As I continue to think about the date and Beck and Jade cuddling I feel the turkey sandwich I just finished start coming back up. I quickly throw my trash out and make a mad dash to the bathroom without an explanation to my friend's shocked faces. I make it into the stall and almost miss the toilet while I am violently sick into the bowl. That turkey sandwich tastes so nasty as it comes back up. I throw up a few more times and then when I am finally finished I flush the toilet and sit back on the floor.
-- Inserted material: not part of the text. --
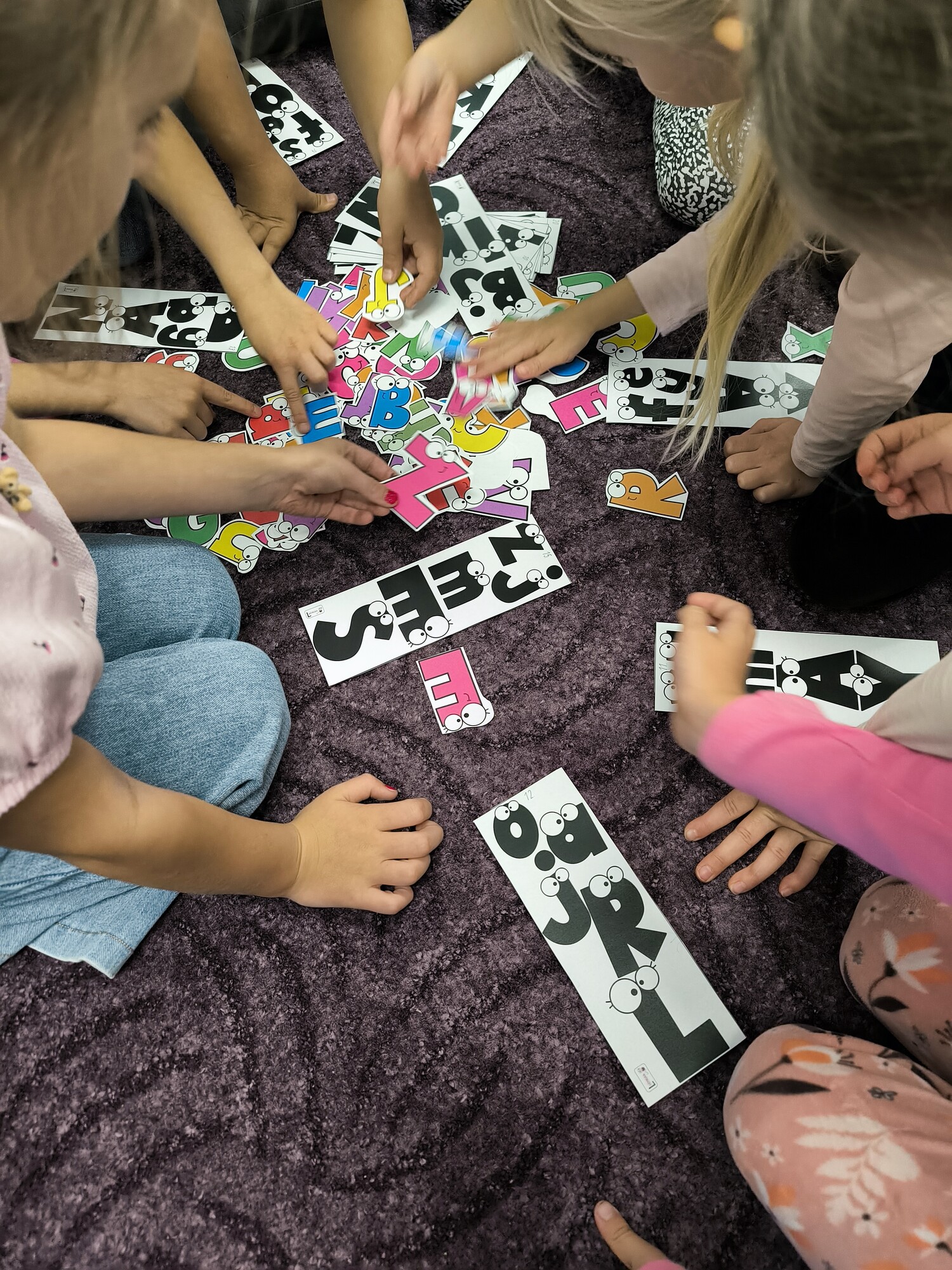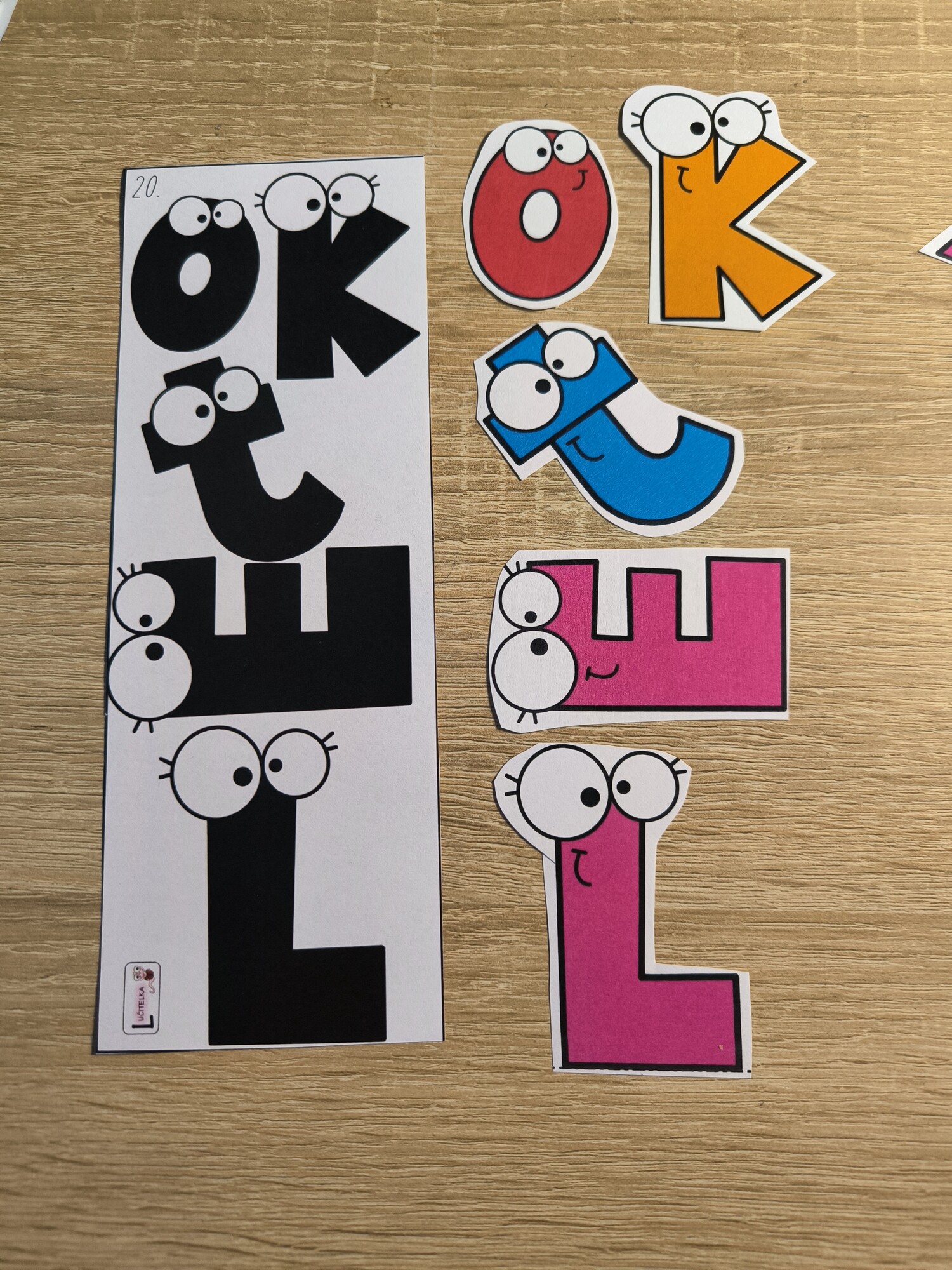 4. Slova – žáci z černobílých písmen si mohou vystříhat a nalepit jmenovky či skupinové koláže. Žáci se touto aktivitou mohou spolupodílet na výzdobě třídy.

One tear streams down my cheek and then its like a dam broke in my eye and my eyes just start leaking streams of tears. I wish I weren't in this fucked up situation. I wish the person I think I really love was the person I was dating. It's so wrong she is actually happy with Beck, and he is happy with her, and I'm over here selfish wishing she would dump him and tell me she wants me. I hate my life. I really do.

As I am sobbing on the floor thinking about my fucked up situation I don't even hear the bathroom door open or that someone who opened the door calling out my name. I don't even realize I am not alone anymore until they open the stall door I stupidly forgot to lock in my haste to puke my brains out. I try calm down before I look up at the person.